La pratique, c’est celle que je vous propose de mettre en œuvre dès après l’adoption du présent texte, consistant à rendre le nuançage public uniquement après la fin des opérations de vote, de manière que celles-ci ne soient pas troublées. Tel est le sens de l’amendement que j’ai déposé dans un esprit constructif au nom du Gouvernement et qui vise à atteindre plusieurs objectifs : d’abord, supprimer toute référence au seuil de 3 500 habitants, pour éviter toute différence de traitement entre les communes élisant leur conseil municipal au scrutin de liste, une telle différence de traitement ne se justifiant pas et posant un problème de principe ; ensuite, prévoir que les candidats mentionnent dans leur déclaration de candidature leur étiquette politique dans des termes qu’ils définissent librement, en pouvant, bien entendu, au moment du scrutin, se déclarer librement sans étiquette sans que cette déclaration se trouve contrariée à aucun moment du scrutin. Le dispositif du nuançage politique des candidats demeurerait inchangé, mais la publicité de ce dernier serait rendue interdite avant la fin des opérations de vote.

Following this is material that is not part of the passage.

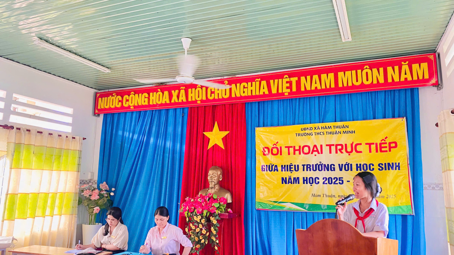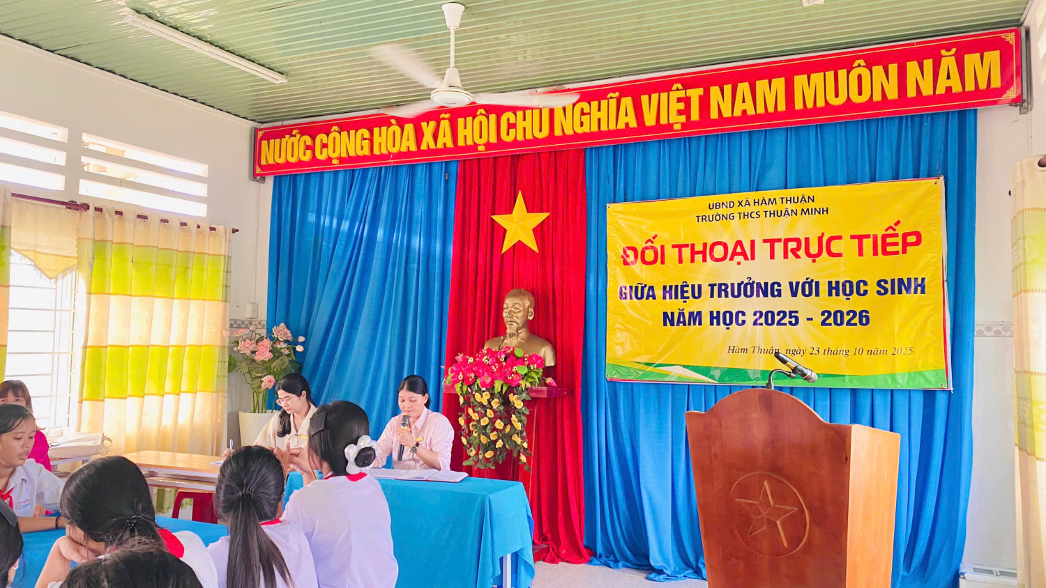 Thực hiện chủ trương xây dựng trường học hạnh phúc, phát huy dân chủ trong nhà trường và tạo cơ hội để học sinh được bày tỏ tâm tư, nguyện vọng, chiều ngày 23/10/2025, Trường THCS Thuận Minh đã tổ chức buổi đối thoại giữa Hiệu trưởng và học sinh năm học 2025–2026 tại phòng Hội đồng giáo viên.

Mesdames, messieurs les sénateurs, Mona Ozouf montre, dans un essai sur Jules Ferry, que la grande œuvre de celui-ci a été, bien plus encore que les lois scolaires, l’avènement de la démocratie à l’échelon local, notamment avec la loi du 28 mars 1882 instaurant l’élection des maires pour toutes les communes et la loi du 5 avril 1884 relative à l’organisation des pouvoirs municipaux : la mairie fut constituée comme un modèle réduit de la République parlementaire. Je sais que vous souhaitez inscrire votre démarche dans le respect de cet équilibre, cher à Jules Ferry, entre un État fort, garant de l’unité, et une riche vie communale, garante de la complexité.

Vous avez, pour atteindre cet objectif, mon plein et entier soutien. Je tiens à remercier le sénateur Jean-Claude Carle du dépôt de cette proposition de loi, le rapporteur de sa contribution très utile et le président de la commission des lois, qui a su orchestrer ce débat.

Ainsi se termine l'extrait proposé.